Principal fait d’arme assez ignoré dont peut se targuer l’actuel maire : le nombre d’activités en français offert par la municipalité a grimpé pendant ses deux mandats. Continuer cette hausse, Jim Watson affirme à #ONfr en faire l’un de ses chevaux de bataille en cas de réélection.

Selon les chiffres transmis par la Ville d’Ottawa, il y aurait eu 3 648 programmes donnés dans la langue de Molière en 2017. C’est mieux que les 3 064 offerts en 2011, première année complète des huit ans de Jim Watson à la tête de la municipalité.

L’hôtel de ville d’Ottawa. Archives #ONfr

Arts de la scène, arts martiaux, conditionnement physique ou encore, programmes aquatiques : ces activités n’étaient pas encore au nombre de 1000 jusqu’en 2008.

« On manque quand même d’envergure et de vouloir-faire concernant ces activités en français », illustre Mme Andrew. « On pourrait, par exemple, faire des vidéos clips pour mieux les promouvoir. »

Baisse du nombre de plaintes, mais méthode contestée

La baisse du nombre de plaintes aux services en français à la Ville d’Ottawa pourrait représenter l’autre bon coup de Jim Watson pour son second mandat. C’est d’autant plus vrai que lors de l’année de sa réélection en 2014, un pic de 119 plaintes avait été atteint. Elles n’étaient que 47 en 2017, contre 23 seulement pour l’année précédente.

« Je ne trouve pas que de mettre en valeur les plaintes soit très pertinent », soutient Mme Andrew qui préconise davantage le renforcement positif. « Il faudrait faire des programmes pour voir les gens qui ont été bien servis, peut-être même créer des prix pour la bonne qualité du service en français. »

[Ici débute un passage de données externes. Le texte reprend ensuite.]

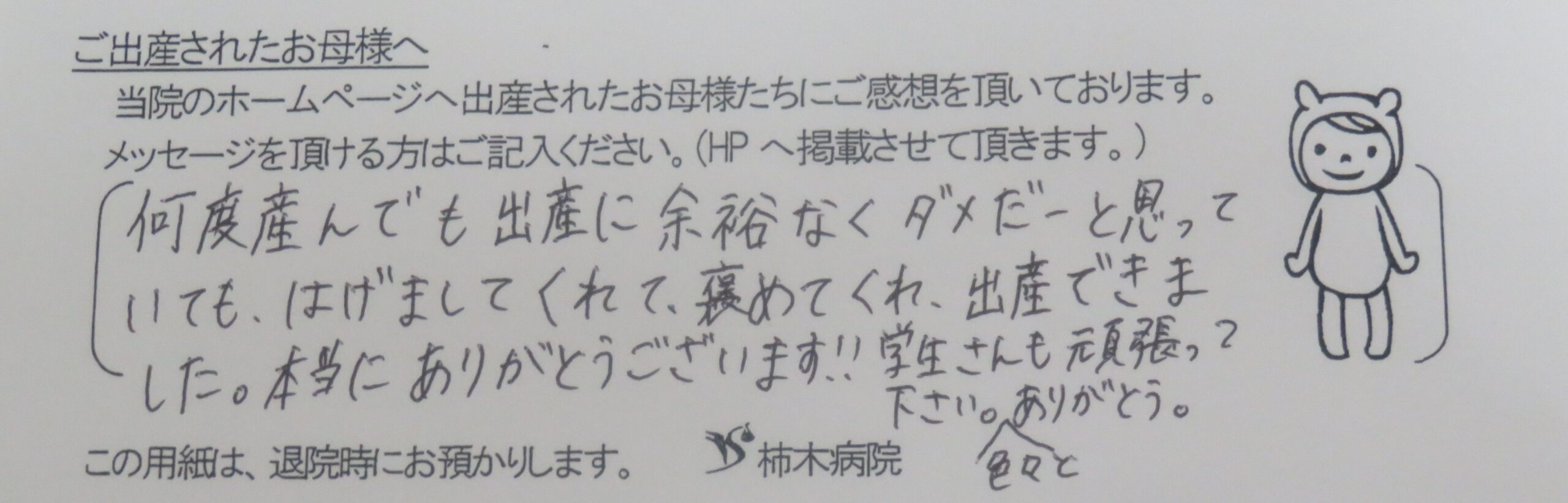 何度産んでも出産に余裕なくダメだーと思っていても、励ましてくれて褒めてくれ、出産出来ました。本当にありがとうございます!!学生さんも頑張って下さい。色々とありがとう。

Les plaintes de la Ville d'Ottawa sur les services en français sont présentes dans ce tableau.
Graphique sur le nombre de plaintes sur les services en français à la Ville d’Ottawa. Montage #ONfr

Au-delà de la baisse, la méthode de comptabilisation des plaintes de la Ville d’Ottawa reste sujette à questions. On sait, par exemple, que la Direction des services en français (DSF) se réserve le droit de les regrouper et les traiter comme une seule et unique plainte.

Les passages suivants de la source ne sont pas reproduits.